Set down the data below in full, exactly as it reads, but without the pictures.

---------- Raw data

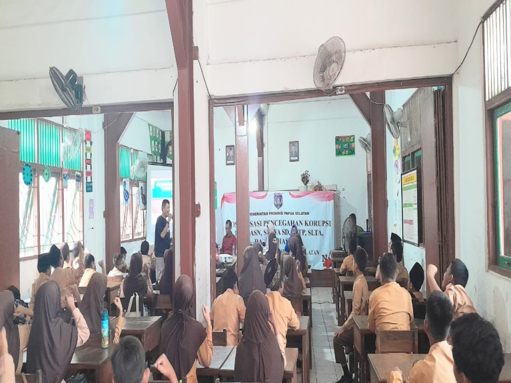 Merauke - Dalam rangka Hari Anti Korupsi 2025 pada 9 Desember nanti, jajaran Inspektorat Provinsi Papua Selatan melakukan sosialisasi anti korupsi di SD Yapis 2 Merauke, Kamis, (10/10/2025).
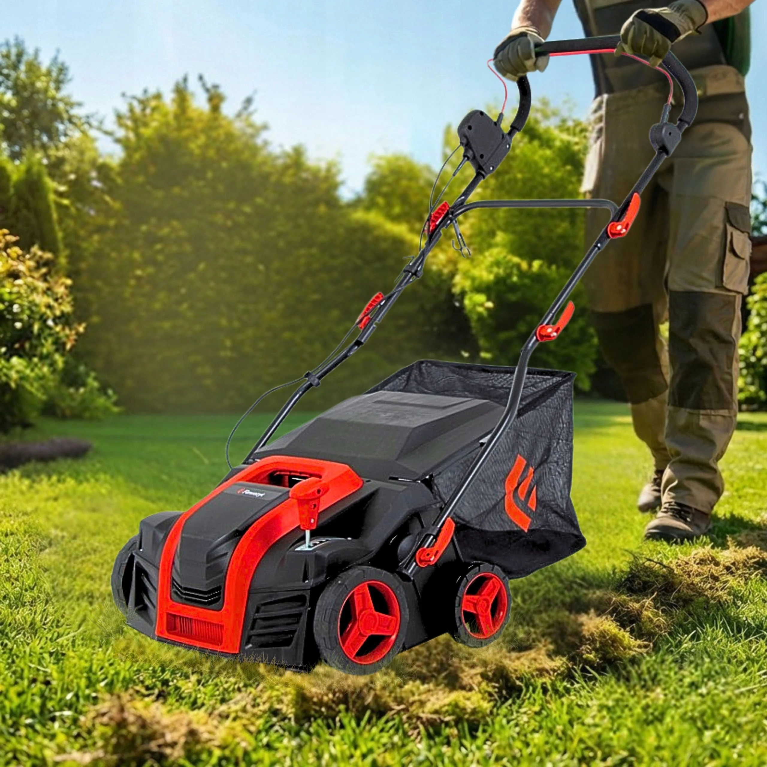 - Trzy funkcje w jednym urządzeniu: aeracja, wertykulacja i zbieranie do kosza
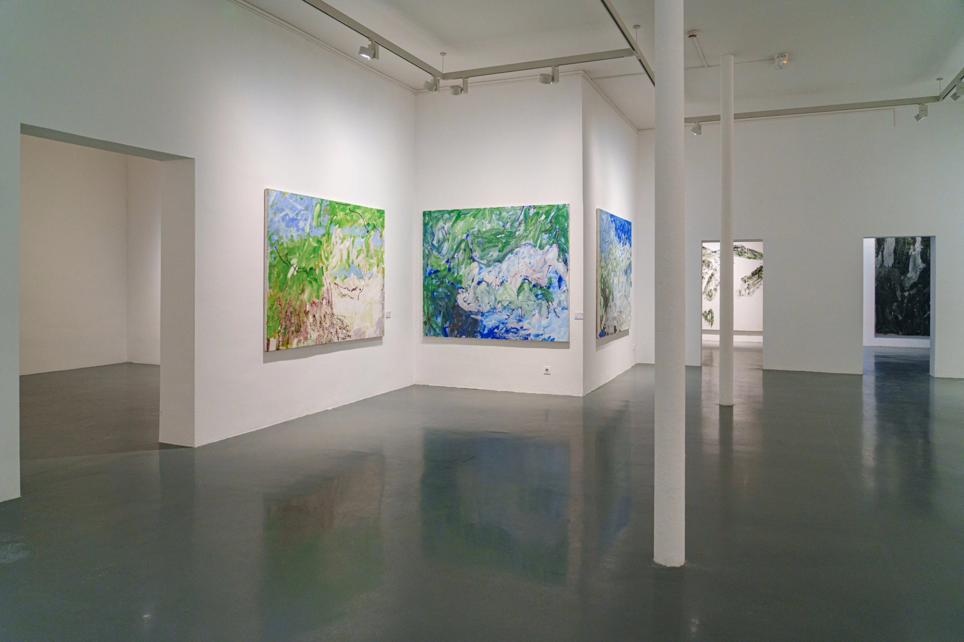 Quarante œuvres donnent corps aux différents aspects du travail pictural de l’artiste effectué entre 1989 et 2024 et dès l’entrée, au sein de ces espaces blancs, semblant comme immaculés, le regard est happé par de grandes toiles où s’épanchent des concentrations colorées, vouées à l’évocation abstraite du paysage et des impressions qu’il génère. La présence de verts printaniers et de roses laiteux fait alors signe vers une voie végétale dont l’artiste saisit miraculeusement l’élan. Los prados, une suite de dix tableaux réalisés entre 2022 et 2023, est ainsi exposée pour la première fois dans son ensemble. La matière picturale y est exaltée, l’artiste jouant souverainement d’une mobilité frémissante et tactile sur des fonds semblants comme modulés en transparence. Son geste est mesuré, déployé en traits libres et maîtrisés où la couleur se répand en ondoiements souples. Pareille puissance expressive laisse également libre cours aux soubresauts de lumière, fulgurances incarnant de manière inédite la matière des sensations. Car dans les peintures de Christian Sorg, la reproduction, au lieu d’engendrer du vraisemblable, est gage d’imprégnation et d’atmosphère, comme s’il était question de prolonger les effets du vécu. Sans que sa pratique artistique ne soit impressionniste, elle se fonde néanmoins sur l’entrelacement d’une observation et d’associations plus subtiles forgées autour du ressenti et de l’expérience physiquement éprouvée.
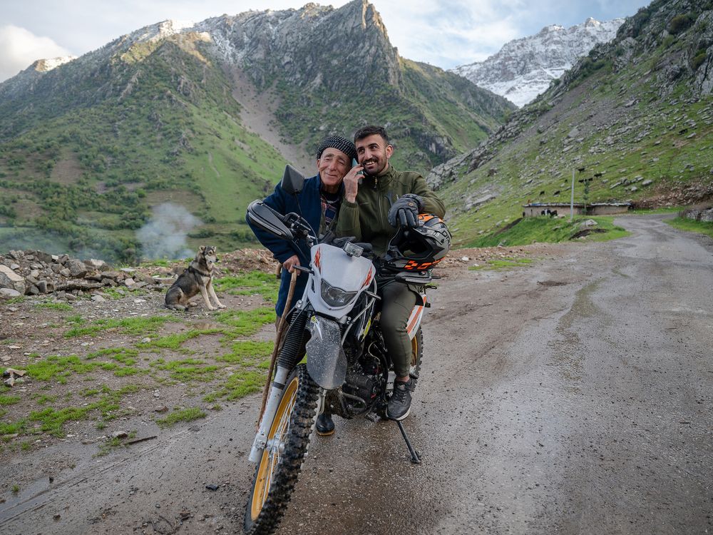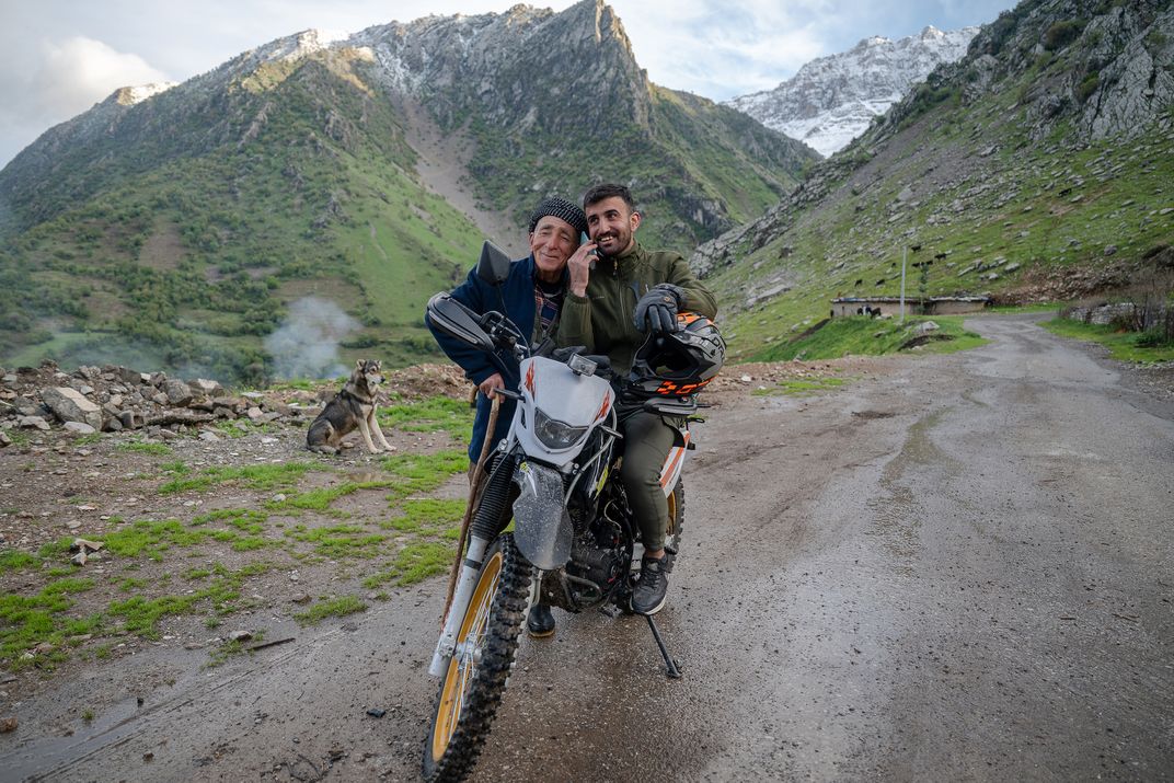 Wahed and his friend Hawmand check in with family down in the valley. In Dargala, tucked deep in the Zagros Mountains, service can be spotty—but these small threads of connection still find their way through.

--------------------

#### [Your solution]
 Merauke - Dalam rangka Hari Anti Korupsi 2025 pada 9 Desember nanti, jajaran Inspektorat Provinsi Papua Selatan melakukan sosialisasi anti korupsi di SD Yapis 2 Merauke, Kamis, (10/10/2025).
 - Trzy funkcje w jednym urządzeniu: aeracja, wertykulacja i zbieranie do kosza
 Quarante œuvres donnent corps aux différents aspects du travail pictural de l’artiste effectué entre 1989 et 2024 et dès l’entrée, au sein de ces espaces blancs, semblant comme immaculés, le regard est happé par de grandes toiles où s’épanchent des concentrations colorées, vouées à l’évocation abstraite du paysage et des impressions qu’il génère. La présence de verts printaniers et de roses laiteux fait alors signe vers une voie végétale dont l’artiste saisit miraculeusement l’élan. Los prados, une suite de dix tableaux réalisés entre 2022 et 2023, est ainsi exposée pour la première fois dans son ensemble. La matière picturale y est exaltée, l’artiste jouant souverainement d’une mobilité frémissante et tactile sur des fonds semblants comme modulés en transparence. Son geste est mesuré, déployé en traits libres et maîtrisés où la couleur se répand en ondoiements souples. Pareille puissance expressive laisse également libre cours aux soubresauts de lumière, fulgurances incarnant de manière inédite la matière des sensations. Car dans les peintures de Christian Sorg, la reproduction, au lieu d’engendrer du vraisemblable, est gage d’imprégnation et d’atmosphère, comme s’il était question de prolonger les effets du vécu. Sans que sa pratique artistique ne soit impressionniste, elle se fonde néanmoins sur l’entrelacement d’une observation et d’associations plus subtiles forgées autour du ressenti et de l’expérience physiquement éprouvée.
 Wahed and his friend Hawmand check in with family down in the valley. In Dargala, tucked deep in the Zagros Mountains, service can be spotty—but these small threads of connection still find their way through.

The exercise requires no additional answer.